* Material for the task
- Opening Delimiter -
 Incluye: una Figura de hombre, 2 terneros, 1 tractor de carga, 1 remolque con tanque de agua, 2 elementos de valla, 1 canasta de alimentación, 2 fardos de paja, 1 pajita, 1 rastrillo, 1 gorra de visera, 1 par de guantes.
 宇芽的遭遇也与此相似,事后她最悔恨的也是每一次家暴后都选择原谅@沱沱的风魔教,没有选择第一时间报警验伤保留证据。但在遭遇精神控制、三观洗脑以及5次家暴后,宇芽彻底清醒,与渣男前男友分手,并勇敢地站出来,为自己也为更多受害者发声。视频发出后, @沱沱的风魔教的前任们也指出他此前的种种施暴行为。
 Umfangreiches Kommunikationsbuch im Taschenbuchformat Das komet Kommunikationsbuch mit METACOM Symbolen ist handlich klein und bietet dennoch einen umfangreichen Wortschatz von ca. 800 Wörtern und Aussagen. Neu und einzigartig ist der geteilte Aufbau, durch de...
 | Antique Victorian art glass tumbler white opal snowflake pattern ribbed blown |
- Closing Delimiter -
- Opening Delimiter -
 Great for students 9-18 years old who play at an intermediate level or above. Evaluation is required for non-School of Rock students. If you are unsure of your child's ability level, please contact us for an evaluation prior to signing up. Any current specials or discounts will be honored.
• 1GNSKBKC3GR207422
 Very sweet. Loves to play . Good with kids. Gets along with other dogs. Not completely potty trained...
- Closing Delimiter -
- Opening Delimiter -
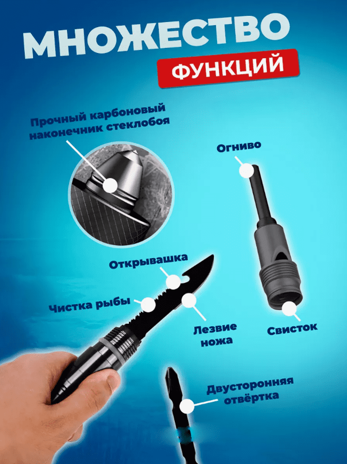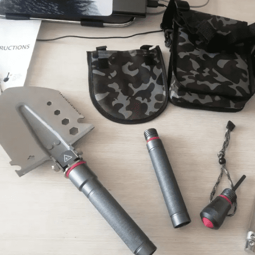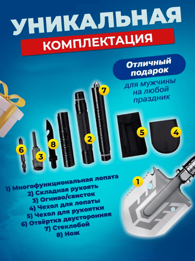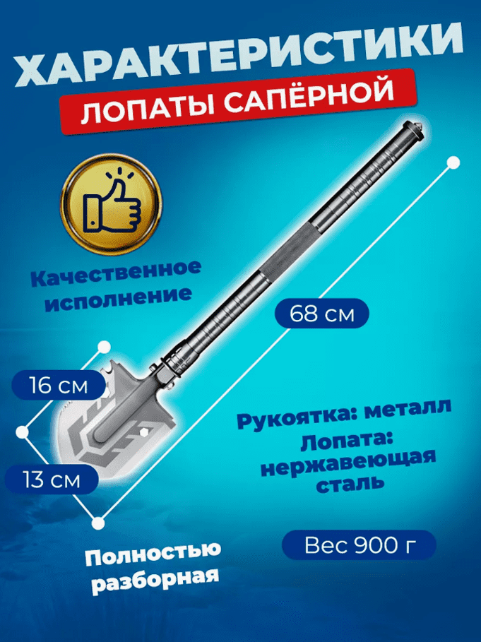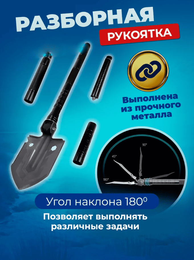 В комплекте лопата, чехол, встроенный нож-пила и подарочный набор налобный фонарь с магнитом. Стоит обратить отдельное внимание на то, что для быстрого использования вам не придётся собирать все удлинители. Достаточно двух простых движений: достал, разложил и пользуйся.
- Closing Delimiter -
* What is needed
Extract each line from the listing that holds the word "play".

* Exercise response
 Great for students 9-18 years old who play at an intermediate level or above. Evaluation is required for non-School of Rock students. If you are unsure of your child's ability level, please contact us for an evaluation prior to signing up. Any current specials or discounts will be honored.
 Very sweet. Loves to play . Good with kids. Gets along with other dogs. Not completely potty trained...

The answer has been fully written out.